8 min read
Dimensionality reduction is a critical component of any solution dealing with massive data collections. Being able to sift through a mountain of data efficiently in order to find the key descriptive, predictive and explanatory features of the collection is a fundamental required capability for coping with the Big Data avalanche. Identifying the most interesting dimensions of data is especially valuable when visualizing high-dimensional (high-variety) big data and when telling your data’s story.
There is a “good news, bad news” angle here. First, the bad news: the human capacity for visualizing multiple dimensions is very limited: 3 or 4 dimensions are manageable; 5 or 6 dimensions are possible; but more dimensions are difficult-to-impossible to assimilate. Now for the good news: the human cognitive ability to detect patterns, anomalies, changes, or other “features” in a large complex “scene” surpasses most computer algorithms for speed and effectiveness. In this case, a “scene” refers to any small-_n_ projection of a larger-N parameter space of variables.
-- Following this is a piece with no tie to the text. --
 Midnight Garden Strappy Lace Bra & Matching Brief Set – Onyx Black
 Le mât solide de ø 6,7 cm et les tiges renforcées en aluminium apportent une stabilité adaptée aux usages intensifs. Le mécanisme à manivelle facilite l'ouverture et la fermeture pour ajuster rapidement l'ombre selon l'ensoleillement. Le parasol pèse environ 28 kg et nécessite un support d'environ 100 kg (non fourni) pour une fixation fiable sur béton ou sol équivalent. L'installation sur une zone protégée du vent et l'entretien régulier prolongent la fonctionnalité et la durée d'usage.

In data visualization, a systematic ordered parameter sweep through an ensemble of small-_n_ projections (scenes) is often referred to as a “grand tour”, which allows a human viewer of the visualization sequence to see quickly any patterns or trends or anomalies in the large-N parameter space. Even such “grand tours” can miss salient (explanatory) features of the data, especially when the ratio N/_n _is large.
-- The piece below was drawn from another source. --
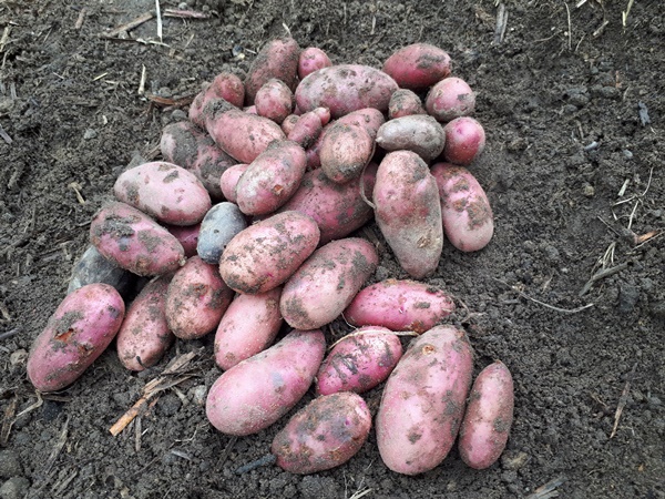 Unfortunately some straw bales fell to the side and the rainwater just run to the ground without soaking into the soil for the potatoes. These 2 straw bales did not give many potatoes and they where very small.

Machine learning algorithms (e.g., the random forest algorithm) are increasingly effective at finding the most explanatory (most predictive) features in big data. But that presumes that you already know what needs to be explained! That is a supervised learning approach (in which you know in advance the key classes of objects and events represented within your data). But what if you don’t those key classes yet? How do you find the interesting features within your data in the first place? That requires an unsupervised learning approach along with some human understanding of what defines “interesting.”
Consequently, a cognitive analytics approach that combines the best of both worlds (machine learning algorithms and human perception) will enable efficient and effective exploration of large high-dimensional data. One such approach is to apply computer vision algorithms, which are designed to emulate human perception and cognitive abilities.
Computer Vision (CV) is a methodology (based on a set of algorithms) that enables computers to interpret what a sensor visually perceives. CV is not a new field, but it has traditionally been applied primarily to image processing and image analysis. CV algorithms include edge-detection, gradient-detection, motion-detection, change-detection, object-detection, segmentation, template-matching, and pattern recognition. Many of these same algorithms can be applied to high-dimensional data streams that are not images but are “scenes” (such as still frames in a grand tour) that are projections of high-dimensionality data into lower-dimension parameter spaces. This is truly a cognitive analytics approach.
One possible outcome of using CV is the generation of “interestingness metrics” that signal to the data end-user the most interesting and informative features (or combinations of features) in high-dimensional data (or that are discovered in a grand tour). Interestingness can be measured using specific observable parameters or can be inferred via the detection of interesting patterns in the data. An example of the latter is latent (hidden) variable discovery.
Latent variables are not explicitly observed but are inferred from the observed features in a data set. Latent variables are inferred primarily because they are the variables that cause the all-important interesting descriptive, predictive, and explanatory patterns seen in the data set. Latent variables can also be concepts that are implicitly represented by the data (e.g., the “sentiment” of the author of a social media posting).
Some latent variables are “observable” in the sense that they can be generated through some “yet to be discovered” mathematical combination of several of the measured variables. Consequently, these cases are an obvious example of dimensionality reduction for visual exploration of large high-dimensional data.
Latent variable models are used in statistics (e.g., in Bayesian statistics, or with Latent Dirichlet Allocation) to infer variables that are not observed but are inferred from the variables that are observed. Latent variables are widely used in social science, psychology, economics, life sciences and machine learning. In machine learning, many problems involve collecting high-dimensional multivariate observations and then hypothesizing a model that explains them. In such models, the role of the latent variables is to represent properties that have not been directly observed.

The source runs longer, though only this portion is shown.